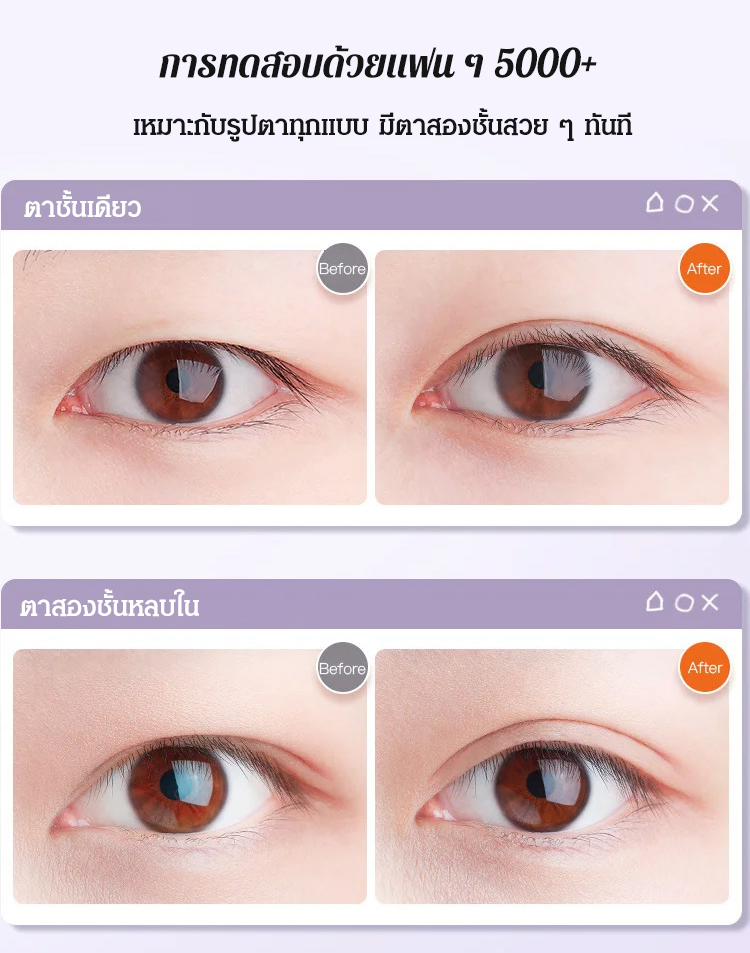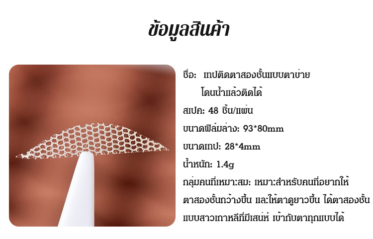 🌸น้ำหนักเบาและไม่ทำให้รู้สึกหนัก แทบมองไม่เห็นแม้ไม่ได้แต่งหน้า ช่วยให้เปลือกตาของคุณ "ดูหนาขึ้น" ได้ทันที! เหมาะสำหรับการแต่งหน้าในชีวิตประจำวัน ออกเดท ปาร์ตี้ หรืออยู่หน้ากล้อง ให้ดวงตาของคุณมีเสน่ห์ดึงดูดใจ💫
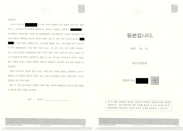 그러나 이후 또 다시 둘 사이의 불화가 발생하자 피해자가 지점을 인수하지 않기로 했고, 이에 따라 당사자 사이의 합의 사항을 지키지 못한 것이 되며 집기류 매매계약 역시 해지됐다고 평가되어야 한다고 주장하였습니다.
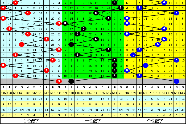 在连续11期奖号中,该位012路比为2:2:7,2路号码相对热出,目前012路号码遗漏期数分别是:9期、5期和0期,本期预计出现1路奖号。
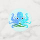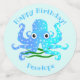 La plus jolie petite pieuvre à tache bleu aqua que vous ayez jamais vue, dans deux nuances de bleu de l'océan avec des algues vertes et les mots Joyeux anniversaire et un nom modèle en bleu assorti. Vous pouvez choisir votre propre couleur arrière - plan. C'est parfait pour l'anniversaire d'un enfant. #nautique #underthesea #octopus
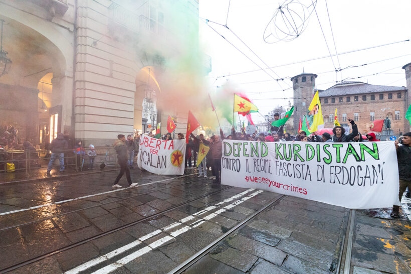 Ieri il corteo partito da piazza Castello ha sfidato la pioggia per sfilare in solidarietà ai Kurdi contro l’attacco armato di Erdogan nel nord della Siria
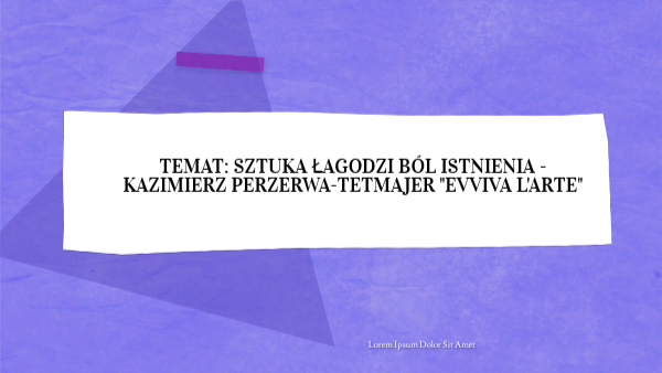 temat: Sztuka łagodzi ból istnienia - Kazimierz perzerwa-tetmajer "Evviva l'arte"
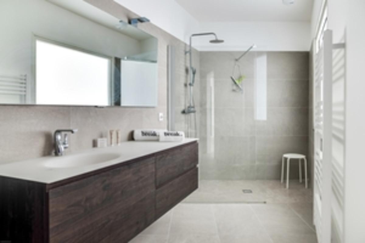 – Un ascenseur descend du parking jusqu’à la maison, pratique pour les bagages et les courses, ou pour les personnes à mobilité réduite, qui sont les bienvenues ici. L’une des salles de bains a une douche et un lavabo accessibles.
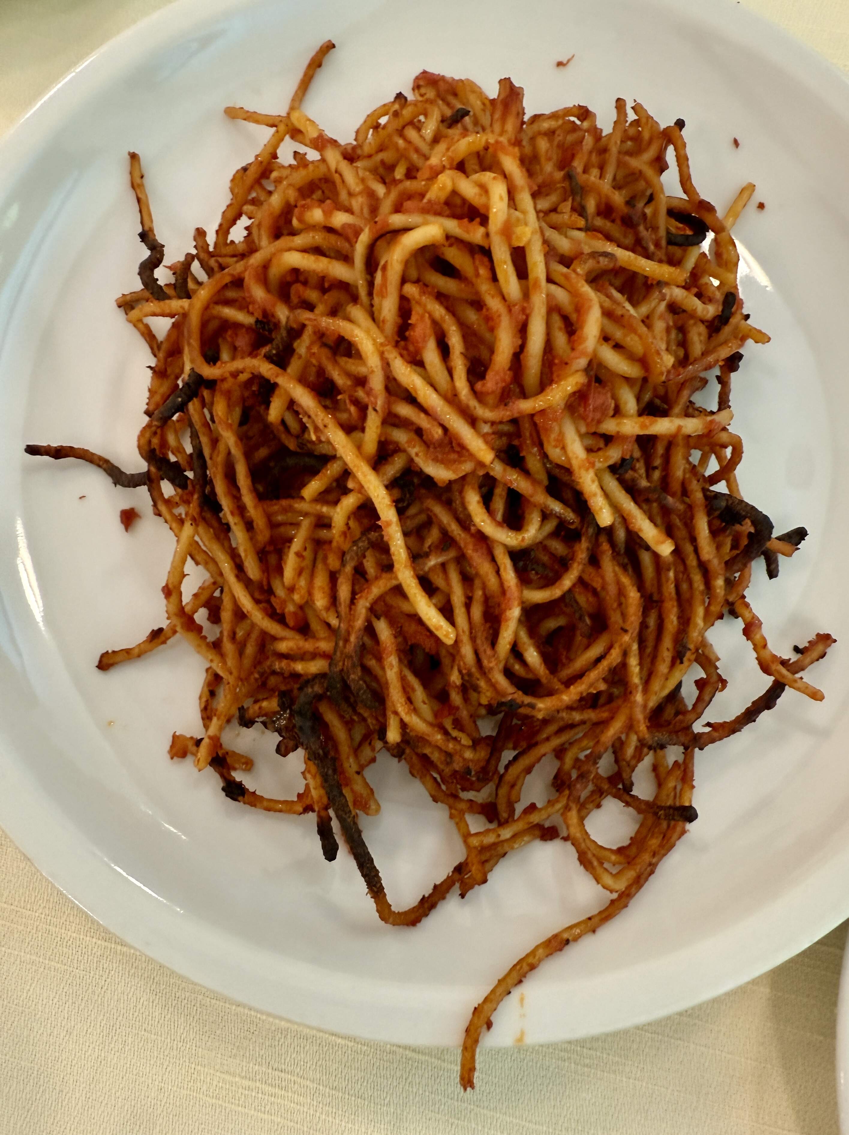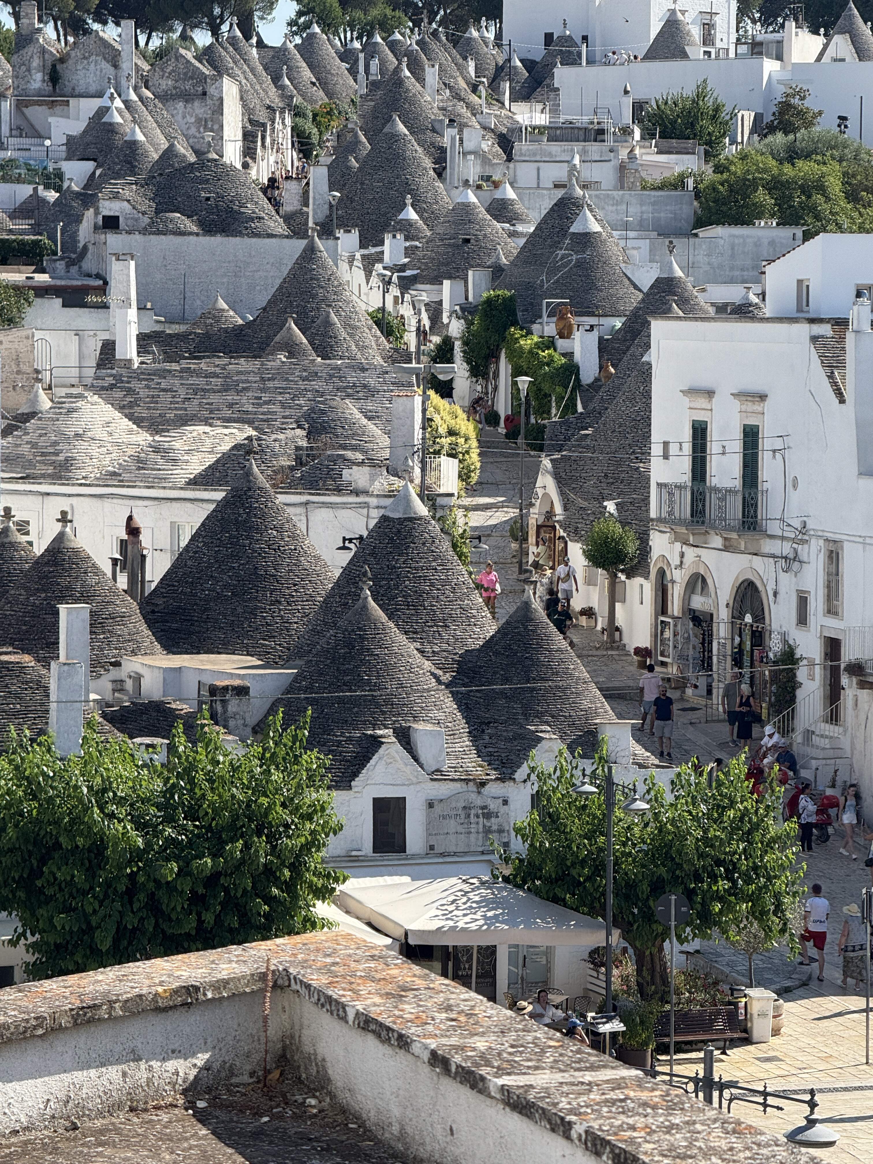 As magnificent as Matera is, our decision to stay there during the early July was not very intelligent. We were warned, but did not take the warning seriously. The lime stone heats up creating a sensation of being in a sauna while walking the streets and passes of the Sassi. We had a wonderful walking tour conducted by Nadia Garlatti (nadiagarlatti@tiscali.it) Thanks to the recommendation of erica1!!! The scenery is mesmerizing any time of the day or night. The food situation is a bit more complicated. All the restaurants have an inescapable touristy feel. It is not surprising because the people living in Sassi do not eat in the restaurants. We had two dinners. The first night we ate in Stano. Although the same touristy feeling was present, we enjoyed the meal very much. Most of the combined antipasti and salumeria plates were very delightful. I recommend both. Couple glasses of local aglianico. My main dish was fusilli (looking more like trofie from Genova and not like the American supermarket fusilli) with cruschi peppers. That plate was fantastic. I have enjoyed it much more than the one in Castelmezzano. My wife liked her braised veal cheeks. The ravioli, one of my friends tried, had could have been skipped. We finished with sharing delicious and light milifollie. I think it is a good option for dinner in an extremely touristy environment.
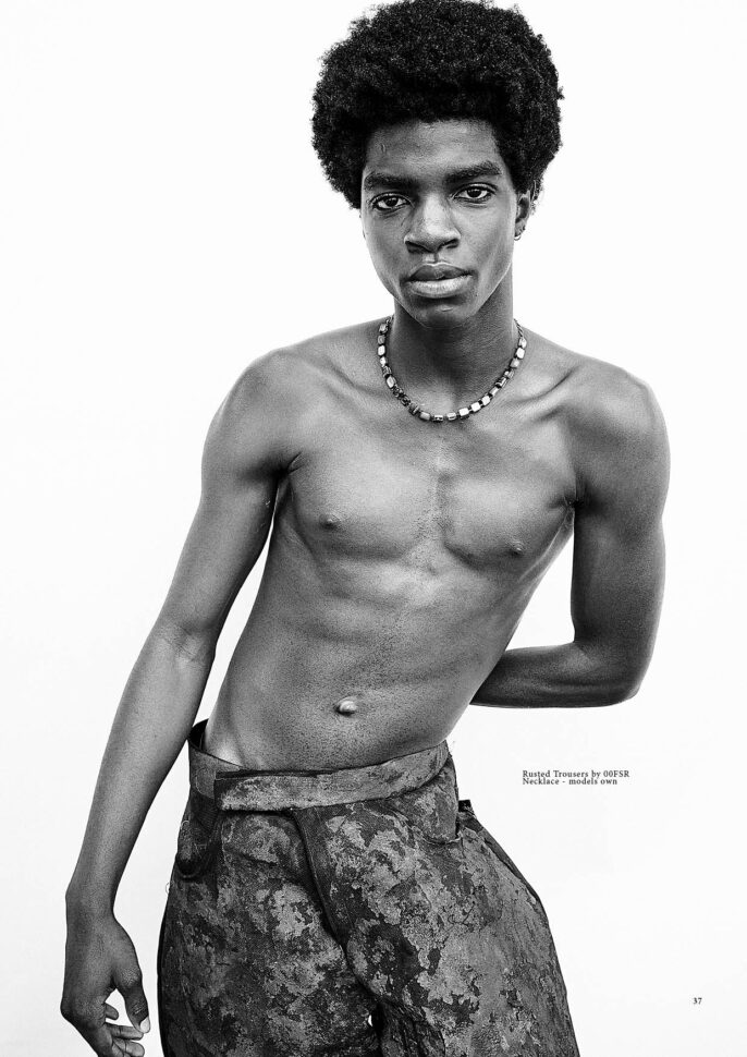 Front Cover: Photography by Eduardo Miera, Styling by Maria Falé, Set Design by Rocio Ley, Groomer: Ricardo Calero, Photo Assistant: Olivier Peresse, Styling Assistant: Sara García, Model: Andrew Barabash at Elite Barcelona. Special thanks to Rafa Gallar.
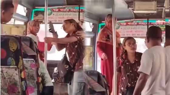 একই বাসের পেছনের সাড়িতে বসা এক যাত্রীর ধারণ করা ভিডিওতে দেখা যায়, ক্ষুব্ধ তরুণী সামনের সিটে বসা এক ব্যক্তিকে উত্তেজিত কণ্ঠে বলছেন, “তুই আমার পোশাক নিয়ে কথা বলবি কেন?”
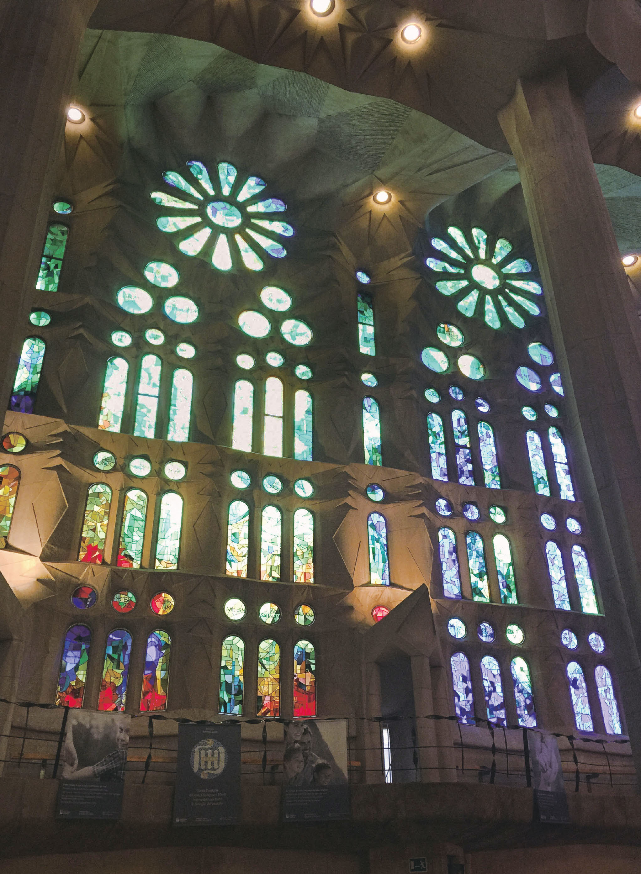 整座教堂的所有门柱上都有精致的雕刻和繁复的细节,让人叹为观止。教堂内部更是诠释了光线和建筑史诗级的对话,没有一盏彩色的灯,却处处都有温暖明媚的光。走进教堂就像走进奇幻森林,教堂立柱犹如树干,向上生长出若干树枝,支撑起巨大的拱顶。阳光透过两侧彩色的玻璃窗,一面是蓝色、青色、紫色组成的冷色调,一面是由橘色、火红、黄色组成的暖色调。

WHAT THE TASK REQUIRES: Would you repeat the material above exactly, line for line, from its first line to the line with "在连续11期奖号中,该位01", including both and skipping every picture?

SOLVED EXERCISE:
 🌸น้ำหนักเบาและไม่ทำให้รู้สึกหนัก แทบมองไม่เห็นแม้ไม่ได้แต่งหน้า ช่วยให้เปลือกตาของคุณ "ดูหนาขึ้น" ได้ทันที! เหมาะสำหรับการแต่งหน้าในชีวิตประจำวัน ออกเดท ปาร์ตี้ หรืออยู่หน้ากล้อง ให้ดวงตาของคุณมีเสน่ห์ดึงดูดใจ💫
 그러나 이후 또 다시 둘 사이의 불화가 발생하자 피해자가 지점을 인수하지 않기로 했고, 이에 따라 당사자 사이의 합의 사항을 지키지 못한 것이 되며 집기류 매매계약 역시 해지됐다고 평가되어야 한다고 주장하였습니다.
 在连续11期奖号中,该位012路比为2:2:7,2路号码相对热出,目前012路号码遗漏期数分别是:9期、5期和0期,本期预计出现1路奖号。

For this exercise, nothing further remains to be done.